Бес в ребро 1
Шрифт:
Любовь не терпит лицемерия, и Володя даже немного обрадовался, когда вдруг открылась его чисто платоническая связь с молодой красавицей. Собственно, он и не хотел ничего скрывать от супруги. Понимал, что рано или поздно придётся менять ориентиры, уходить от беспросветной лжи и подлости. Ведь если нет любви, если пропало взаимное уважение, то лучше развестись – хотя бы ради детей. Что может вырасти из ребёнка, если ежедневно и ежечасно он будет видеть в семье лишь только злобу, вражду и ненависть?
Некоторые обеспеченные пары расходятся цивилизованно. Однако бывшая супруга Владимира устроила ему сущий ад –
Женька сама подошла к своему воздыхателю, как бы извиняясь за то, что так несправедливо его обидела. Но он заранее простил все её выходки на десять лет вперёд, и теперь жизнь его, наконец, наполнилась смыслом, а сердце громко стучало в груди – гнало восторженную кровь по жилам. Ещё бы! Ведь любимая снова была рядом! Всё стало по-прежнему: поездки в электричке, долгие проводы, разговоры ни о чём, расставания у калитки.

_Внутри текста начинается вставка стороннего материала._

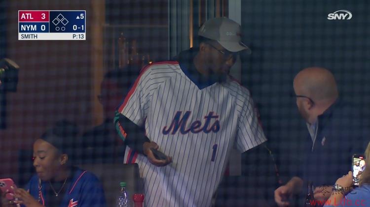 零点吧6月23日讯 今天,爵士球星米切尔身穿大都会球衣现身纽约花旗球场,观看MLB常规赛——纽约大都会主场迎战亚特兰大勇士。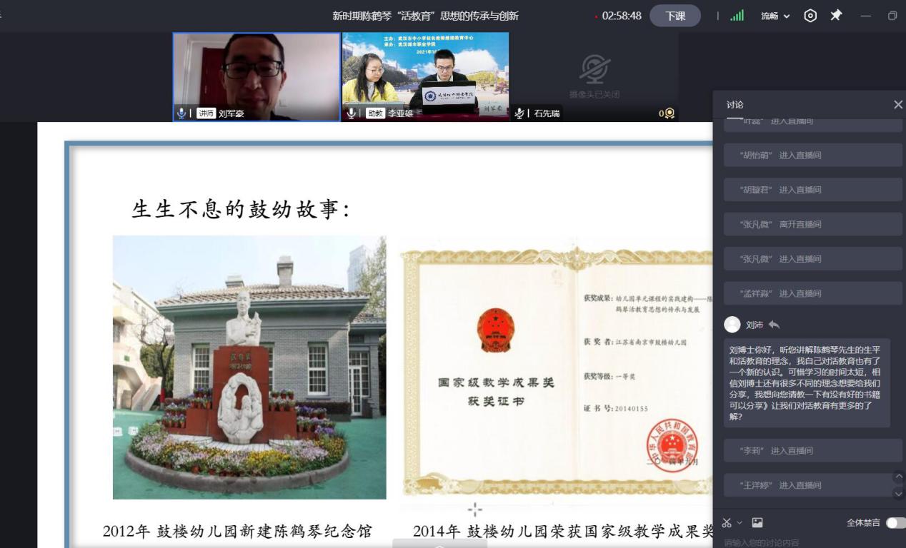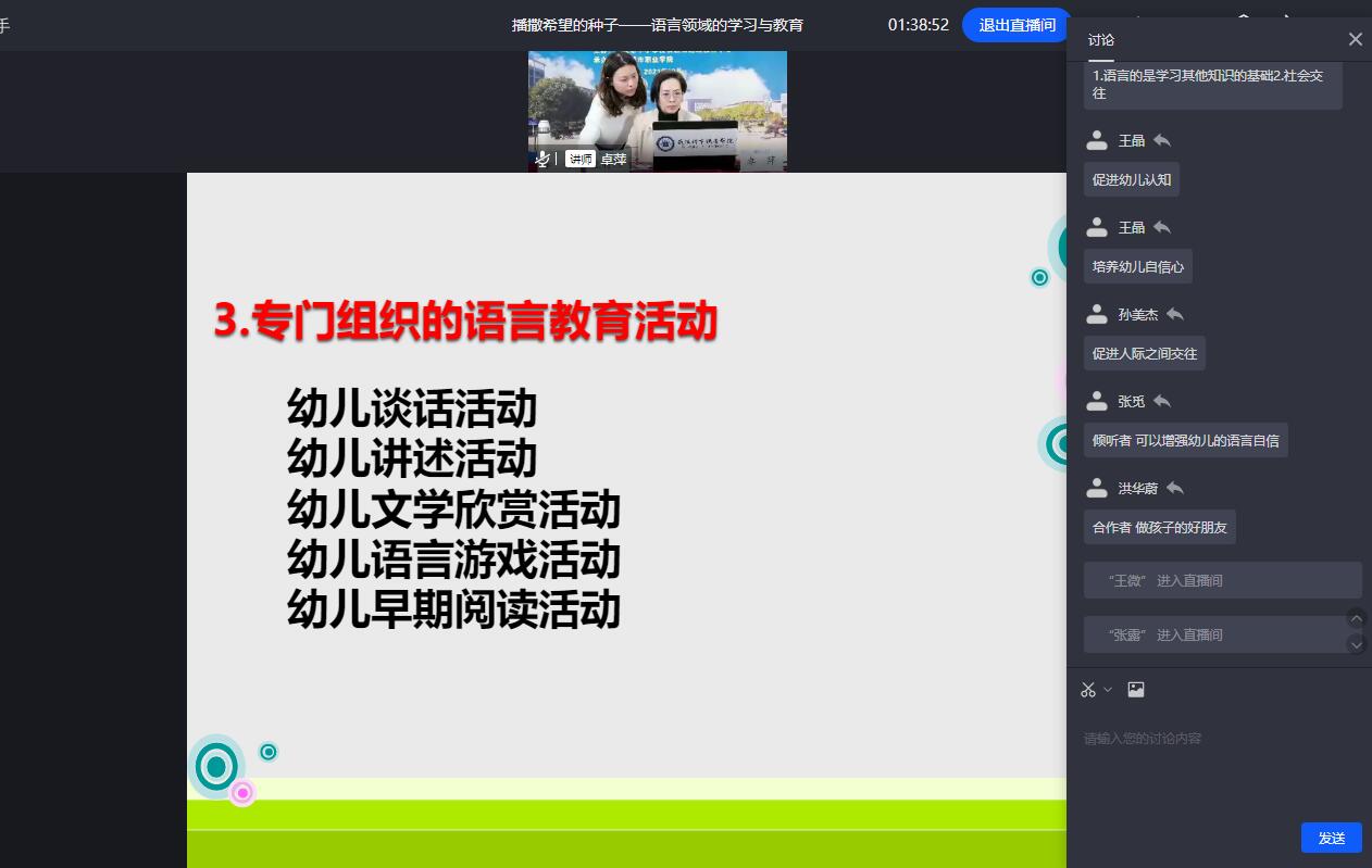 做为幼儿园的骨干力量,在安排好工作后,学员老师们守在电子设备前专心聆听专家们的在线分享,结合自己工作经验与专家们云端互动,精彩的学员点评和专家答疑碰撞出思想的火花,收获干货满满。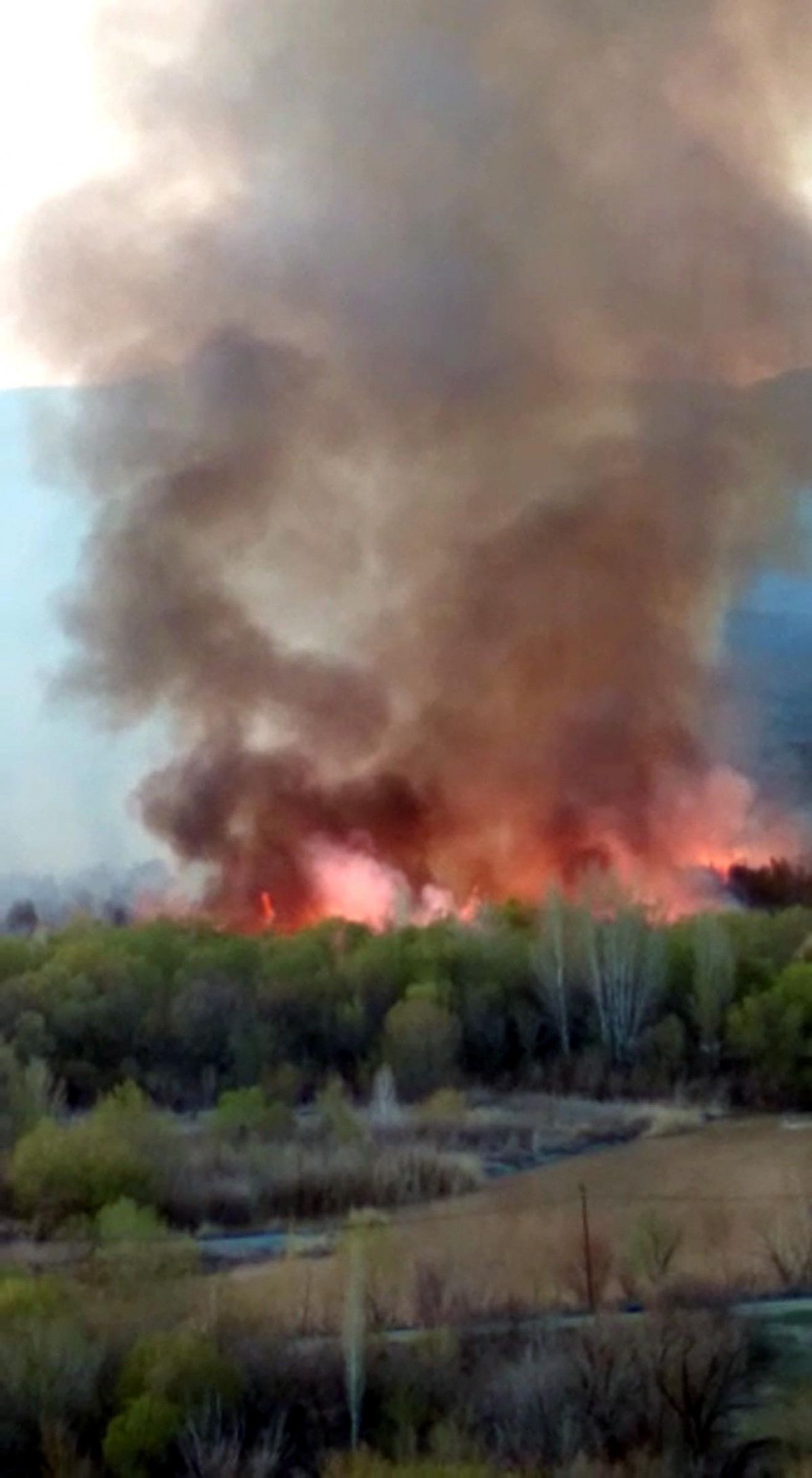 Kısa sürede yayılarak ormana sıçrayan alevlerin neden olduğu sıcaklık, sınırdaki Tuzluca ilçesinin Turabi köyünden de hissedildi.

Будто назло всем законам природы ушедшая юность вернулась в их обременённые излишним жизненным опытом истерзанные души.
Однажды в выходной день Володя вызвался помочь Евгении сделать кое-что по хозяйству. Жила она с матерью в своём доме, и как только с ремонтом было покончено, красавица собрала на стол и вынула из холодильника бутылку водки. Не то чтобы Володя совсем не пил, но ослепительная вспышка запоздалой любви радовала и пьянила его сильнее, нежели рюмка водки хронического алконавта после длительного воздержания. Кроме того, возвращаться домой подшофе ему было крайне нежелательно – бывшая супруга из меркантильных соображений и вредности характера в любой момент могла привести участкового. Несколько приводов в милицию, суд и выселение – такая перспектива не устраивала опального супруга. Вот и приходилось ему воздерживаться.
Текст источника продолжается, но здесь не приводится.